At this point in the book, the model knows how to compute a probability distribution over the next token. To generate text, it must now choose one. This is the sampling step.

We already glimpsed this mechanism in chapter 01. The time has come to revisit it carefully: this is what distinguishes a cautious model from a creative one, a reliable assistant from a repetitive parrot.

Why not always take the most probable?

The simplest strategy — greedy decoding — always picks the highest-probability token. Fast, deterministic, reproducible.

And yet, almost never used alone. Why?

Because greedy decoding produces strangely flat text. It gets stuck in loops ("very very very interesting interesting interesting…"). It always picks the most conventional word. It generates technically correct sentences, but without texture. The model was trained on human text, which always contains a degree of unpredictability — and that unpredictability must show up in generation.

Hence stochastic sampling: we draw a token at random according to the distribution. The more probable a token is, the more likely it is to be chosen — but others have a chance too.

Three levers

Raw stochastic sampling would be too noisy. We typically apply three filters before drawing:

Temperature

Temperature T divides the logits before softmax. It's the most powerful setting.

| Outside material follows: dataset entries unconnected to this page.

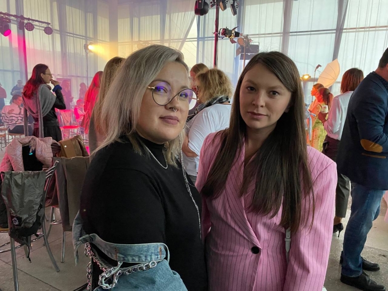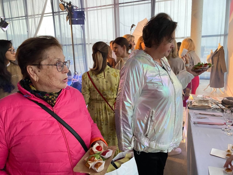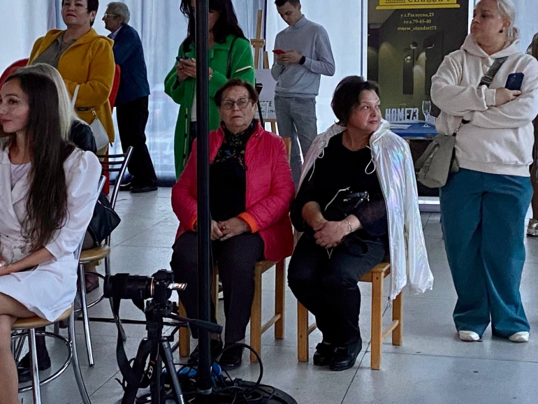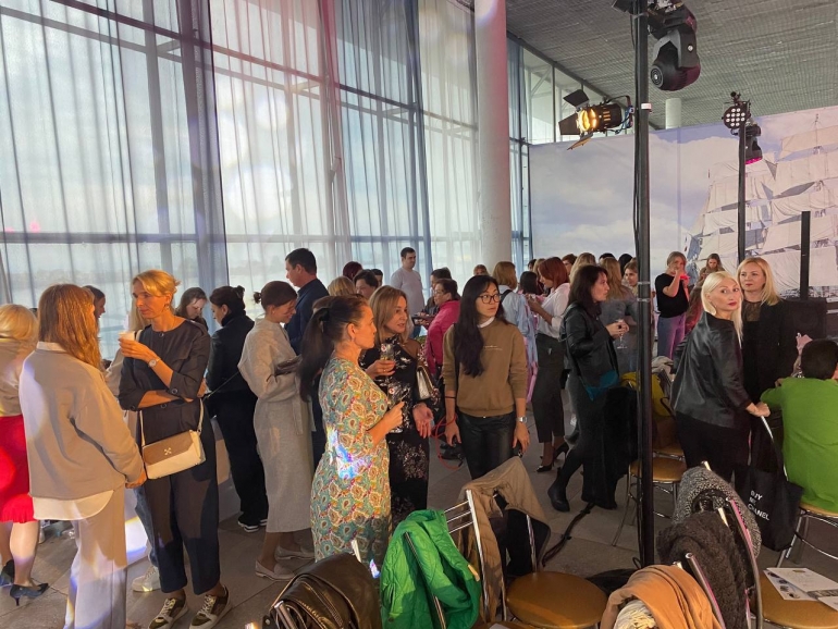 На мероприятии оказались и заблудшие женщины с теплохода — сначала у фуршетного стола, а затем и на самом показе. Гостий отсадили подальше на табуретки, но их это ничуть не смутило. Кстати, дамы ничем особо не отличались от других приглашённых - со старательными укладками и ярким маникюром. Настоящие стильные штучки!
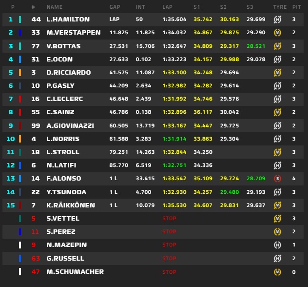 Ο Βρετανός οδηγός της Mercedes, κάνοντας και τον ταχύτερο γύρο, κάλυψε τη διαφορά των οκτώ βαθμών που τον χώριζε από τον Ολλανδό Μαξ Φερστάπεν της Red Bull, ο οποίος τερμάτισε δεύτερος, κι έτσι παγκόσμιος πρωταθλητής θα αναδειχθεί όποιος από τους δύο «πιλότους» τερματίσει ψηλότερα την επόμενη Κυριακή (12/12).
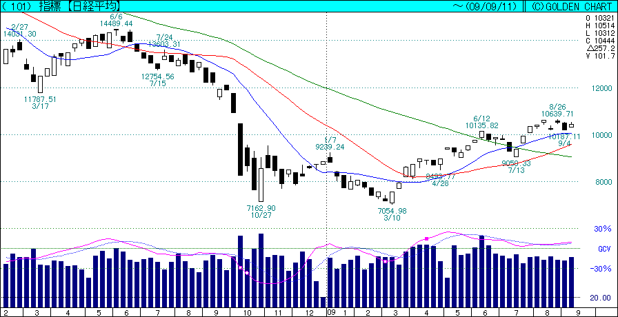 本文にも書いた通り、日経¥10,700は十分にあり得る株価と思いまするが、上げていくにはどうも材料不足かもしれませぬ。ちょっと様子見気分かと…(^^;

  • T = 1.0 — distribution as it comes out of the model (reference)
  • T < 1.0 — distribution more peaked: highs become higher, lows become lower. The model becomes more predictable.
  • T → 0 — equivalent to greedy decoding (only one possible token).
  • T > 1.0 — distribution flattened: low-probability options come back up. The model becomes creative, or even bizarre.
  • T → ∞ — uniform, the model draws completely at random.

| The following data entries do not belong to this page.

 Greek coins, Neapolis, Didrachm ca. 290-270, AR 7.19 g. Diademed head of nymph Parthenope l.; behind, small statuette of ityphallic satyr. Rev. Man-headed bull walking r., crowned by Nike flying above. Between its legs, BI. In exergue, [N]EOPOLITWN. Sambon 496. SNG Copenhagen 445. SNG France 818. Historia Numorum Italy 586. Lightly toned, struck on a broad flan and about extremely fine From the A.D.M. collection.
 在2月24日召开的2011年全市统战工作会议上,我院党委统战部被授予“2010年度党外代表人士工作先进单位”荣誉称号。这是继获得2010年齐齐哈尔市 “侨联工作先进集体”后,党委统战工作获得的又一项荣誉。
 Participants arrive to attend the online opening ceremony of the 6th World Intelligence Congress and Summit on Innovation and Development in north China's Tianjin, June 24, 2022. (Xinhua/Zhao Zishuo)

Temperature is a dial between predictability and imagination.

Top-k

Rather than allowing all tokens in the vocabulary (50,000+), we keep the k most probable and zero out the rest, then renormalize. k = 40 is a classic value for creativity, k = 1 returns to greedy.

Advantage: eliminates outright the absurd tokens (those at 0.0001%) that might be drawn by chance. Disadvantage: the optimal value of k depends on each step — sometimes 5 candidates suffice, sometimes 100 are all plausible.

Top-p (nucleus sampling)

Smarter than top-k. We keep the smallest set whose cumulative mass exceeds p, then renormalize.

  • At a step where the model hesitates between 30 close options → top-p keeps all options whose sum reaches p.
  • At a step where the model is 95% sure → top-p keeps just one token.

In practice, top-p ≈ 0.9 has become the default setting for modern LLMs. It adapts automatically to the model's confidence.

Play again

We already saw this visualization in chapter 01 — we replay it here because this is exactly the topic:

Play with the temperature: at 0, the model is deterministic and repetitive; at 1.5, it gets creative until it becomes incoherent. Top-k and top-p trim the long tail of unlikely candidates without touching the likely ones.

This time, observe:

  • On Capital, the model is so confident (10.0 vs 5.0 for the next) that it takes an extremely high temperature (>1.5) to get anything other than London. Typical of prompts where the answer is known.
  • On The sky at the second step, several continuations are semantically plausible. With temperature = 1.5, you might get color or sea instead of light. The meaning stays correct, but the text becomes less predictable.
  • At top-k = 1, any other setting becomes useless: you're in greedy mode.
  • At top-p = 0.5 on the Capital prompt, only the top answer survives (because it already reaches 50% on its own).

Typical settings

Common settings by use case:

Use caseTemperatureTop-p
Code, structured data0.0–0.21.0
Factual response0.3–0.50.9
Generic conversation0.70.9
Brainstorming, creative writing0.9–1.20.95
Generating variations1.2–1.50.95

These aren't hard rules. But they're the ballpark you'll find in most products using a LLM.

Three more knobs to know

Beyond temperature / top-k / top-p, a few parameters show up everywhere in APIs.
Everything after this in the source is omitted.